She paused. “ I’m not good with these kind of discussions.”

“What kind of discussions would that be?” Sam asked, bewildered.

Helen squeezed her eyes shut and rubbed her left hand across her eye, trying to contain herself.
She breathed deeply, and plunged ahead. “This morning when I asked Wilson how you were
feeling, he told me. He told me that...you have cancer.” The word dropped off Helen’s tongue
into the middle of the room. She stared at Samantha waiting for her to say something.

Sam was speechless, she walked into the living room where she sat down on the sofa. She stared
straight ahead, and tried to formulate an intelligent response, but none would come. She sat there
for, what felt like, a very long time before Helen walked over and sat beside her.

“Is that why you let me go?” Sam asked.

“Wilson told me that you were having a hard time, and I thought it would be best for you if you
didn’t have to deal with this project right now. I didn’t tell you about what Wilson had told me,
because I didn’t think that you even wanted me to know,” Helen said softly.

“This was why I didn’t want you to know. I didn’t want your pity, or your condolences. And I
don’t want you deciding if I feel well enough to work.” The tears were thick in Sam’s throat, and
she tried to swallow them, but they rose to the surface, and flowed freely down her cheeks. She
brushed them away in annoyance.

“I know, Sam. That’s why I had to come back. I had to tell you the truth.” Helen was stammering
for words to comfort the small woman, but nothing she could say would comfort the pains
Samantha felt. She reached over and pulled the woman close to her, and held her for what seemed
an eternity. The light outside disappeared, and finally Sam got up to find the light switch. Her eyes
were swollen, and her cheeks were still wet. She walked into the kitchen and put a kettle on the
stove. Helen just watched her from the sofa.

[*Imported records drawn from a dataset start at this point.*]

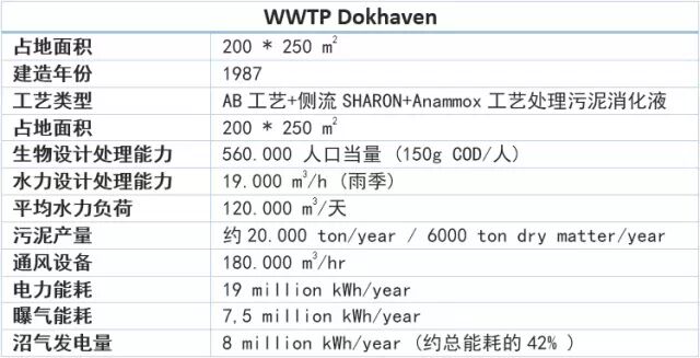 Dokhaven地下污水廠位于鹿特丹市中心新馬斯河畔(Nieuw Maas),距離中心火車站只有4公里。該廠污水處理采用AB工藝,主流段產(chǎn)生的污泥輸送到600米外的Sluisjesdijk污泥處理廠進(jìn)行厭氧消化,生成的沼氣用于熱電聯(lián)產(chǎn)(CHP),消化液采用了SHARON+ANAMMOX工藝進(jìn)行自養(yǎng)脫氮。該廠具體參數(shù)如下: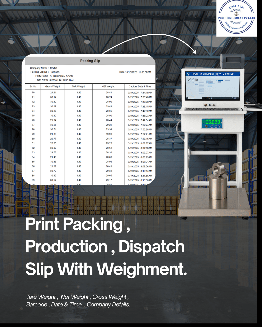 Before: Dispatch team entered weights manually in registers. Labels were handwritten. Frequent mismatch in actual stock vs ERP stock.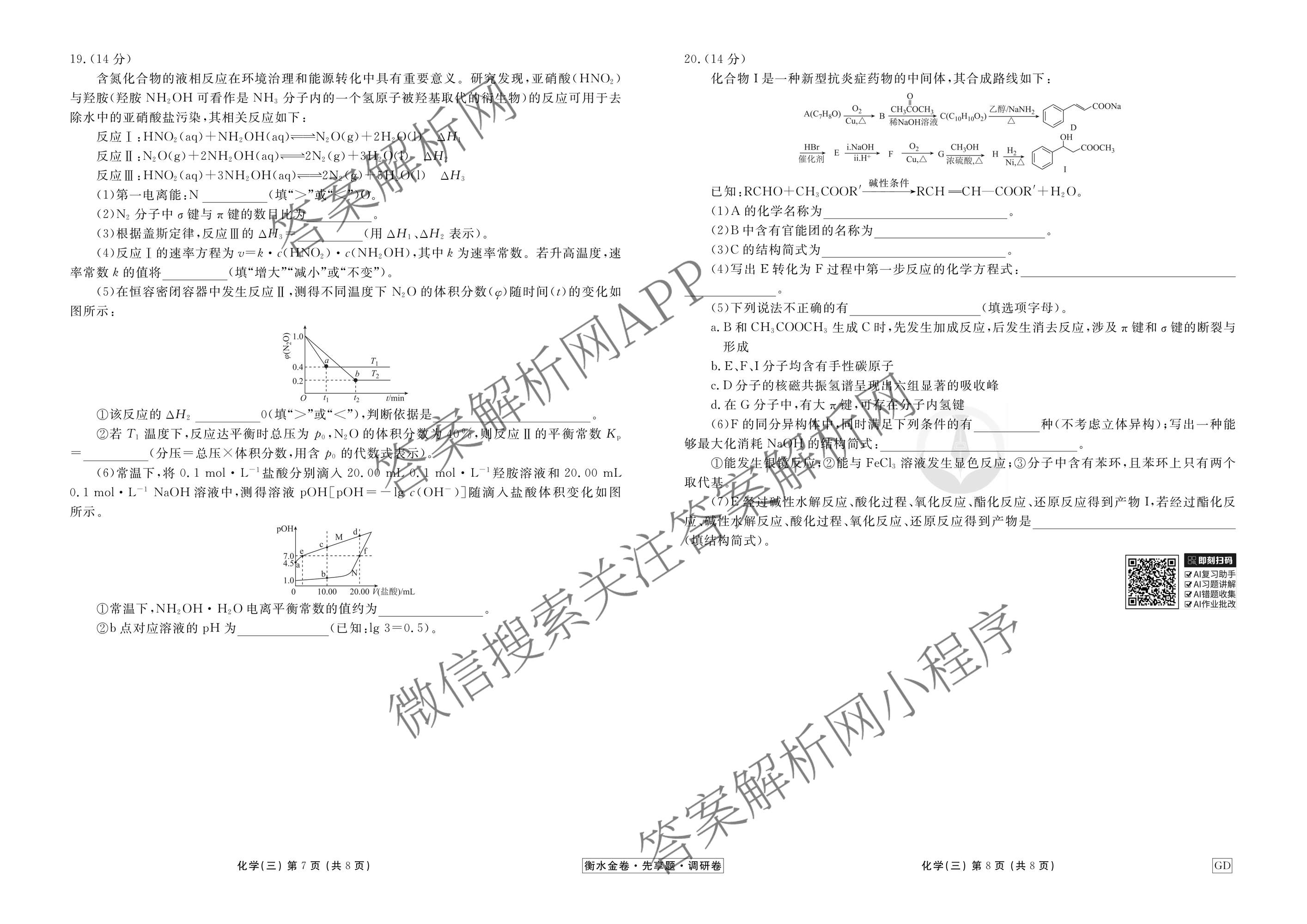 - [衡水金卷先享题]调研卷2026年普通高中学业水平选择性考试模拟试题(三)3化学(AH)答案
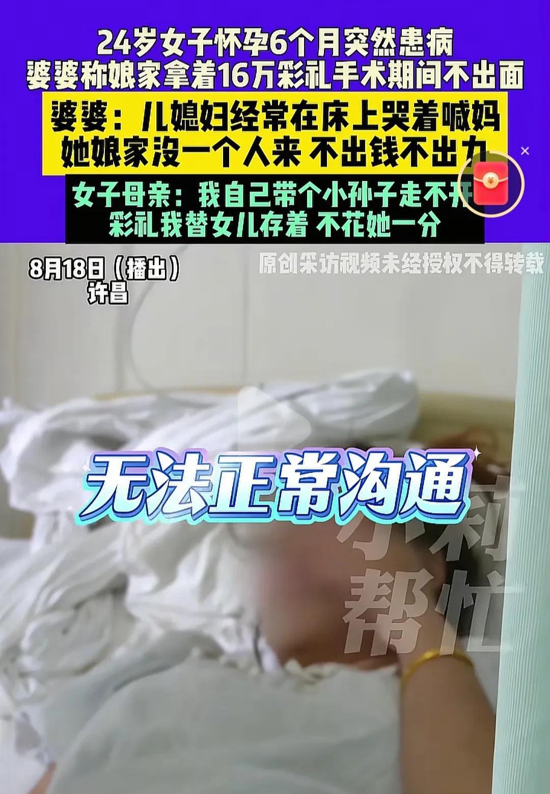 女儿病重,娘家妈握着16万彩礼,手术前后不出面,女儿在病床上哭喊想妈。女子母亲说带小孙子走不开,彩礼会替女儿存着,不花她一分。 许昌的贺女士称,儿子与儿媳认识不到一年,今年4月份结婚,当时己怀孕近3个月,7月份时儿媳突然患病往院治疗,医生说胎儿保不住,8月初做了引产手术。 贺女士说,当时儿媳手抖擞咬牙,到现在也没查出什么病,家里花了七八万了,而儿媳的娘家妈握着他家给的16万彩礼不出一分,儿媳手术前后娘家没一个人来看,不出钱也不出力。儿媳经常躺床上哭喊娘,”恁娘是真狠的心呐,不来看看俺。” 真是有了儿,女儿的命就是草。儿媳的娘家妈听记者说女儿责怪她不去看望,没有一丝难过,反而还挺气愤,“她动不动说俺坏良心,早知道这样我不要她了。” 看来这妈对女儿一直不好,女儿心里跟明镜似的,母亲不仅不反省,还说不该养这个女儿,大抵是没觉得没价值了。 当记者问娘家妈,16万元的彩礼钱是不是在你手上?你为什么一分都不拿出来救女儿的命。 娘家妈说钱在她手上,给女儿保存着,一分也不会动。 女儿病重,救命都不拿出来,更待何时?病重前后不管不顾不看,会为女儿着想谁也不会信。 当被问到,女儿病重,为什么不去看望下女儿? 娘家妈说,她要带小孙子走不开,其实她也挺担心,吃不下去,走也走不动。 后来是在记者的劝说下,娘家妈才答应,有空再去医院看看女儿,关于彩礼支付部分医疗费问题,会跟女儿婆家协商。 这大概就是女人口中的,女人一旦有了兄弟,就没了家,嫁出去的女儿,泼出去的水,但独生女就不一样。 我小区的一家儿媳结婚没一年得了脑瘤,还没孩子,双方是独生子女。婆家在当地医院尽力治,但得知病情严重时,娘家父母拿出全部积蓄将女儿转到省医院动手术,出院后娘家妈担心婆家照顾不周,接回娘家调养,现在孩子好几岁了,过得挺幸福。 所以,女孩子嫁人后,如果娘家条件一般,还有兄弟,娘家大抵是靠不位的,父母也作不了主了,女孩得有点保命心肝,好好经营自己的小家,与婆家和睦相处,在婆家的帮助下,过好自己的日子。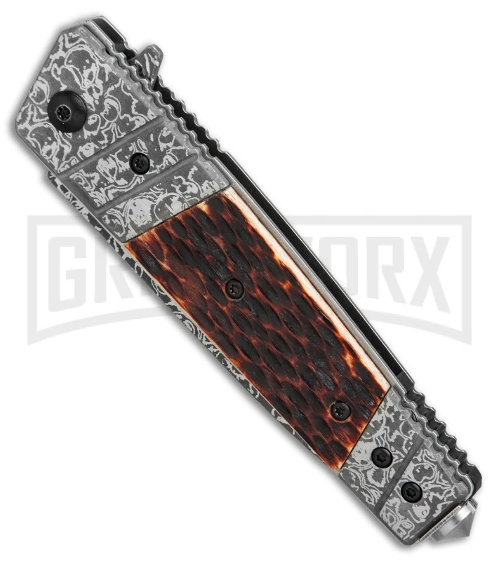This Tac-Force spring assisted knife makes it possible to own the collectible quality of a damascus at a fraction of the cost. It has a damascus etched graphic on the handle, blade and bolsters with jigged bone handle inlays for a classic fit and finish. With impressive details like this no one would ever guess that you spent less than 15 dollars. It features a spring assisted blade, stainless steel pocket clip, and a glass breaker pommel.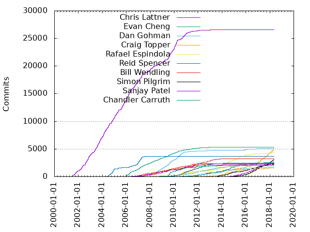 Rafael 自 2006 年以来已为 LLVM 贡献了超过 4,300 个 commits ,添加了 157,679 行代码,是 LLVM 的排名第五的贡献者。

Sam brought two steaming mugs of tea over to Helen and sat down beside her. They sipped their
tea, and neither broke the silence that had formed. Several minutes later, when they had finished
Sam said, “I know it wasn’t fair of me not to tell you, but I wasn’t sure of what you’d say. I’ve
been tiptoeing around, afraid that Gwen Abbot would tell me I could no longer work for Imagine.
I guess it’s become this big ugly secret.”

“Instead of Gwen, it was me,” Helen said self loathingly. “This campaign has become so stress
laden, that I thought it was more than you needed right now.”

Sam didn’t say anything.

“But listen, I made a call to Bryan Trask today, the President of Trask Media. I am confident that
he will see your ideas, and turn this project around. He is the only one who can overturn Charlie’s
authority. It’s obvious to everyone that your design will sell, and Bryan will see that too,” Helen
said with enthusiasm she hoped would spread to Sam.

“Does that mean I’m back on the design team?” Sam asked.

Helen gave a soft gentle laugh, and said, “Of course, you are the design team.”

Samantha smiled then, and it felt as if a door had been opened into a room that had been dark for
a very long time, and the person who had opened that door was Helen Riley.

“I care about you, Sam. I want to see you through this,” Helen said.

“Why would you want to go though something like this with me?” Sam asked with fresh tears in
her eyes.

“Because that’s what friends do, they take care of each other,” Helen replied, brushing away an
arrant tear that had escaped her eyes.

 

Chapter 12

When Bryan Trask walked into Trask Media heads turned. Three months ago, Bryan had named
his son, and VP, as the immediate person in control, while he entered semi-retirement. Whether he
appreciated being pulled back out of that retirement was yet to be seen. He marched down the
hallways and into Charlie Trask’s office, where he slammed the door behind him and did not come
out until two hours later, with a disconsolate son behind him. He stormed his way to the design
offices, and found Samantha Thomas and two other designers waiting to give him their
presentation. After they were finished, Bryan shook their hands and left again without another
word. Samantha shrugged to Noah, and began putting away her materials.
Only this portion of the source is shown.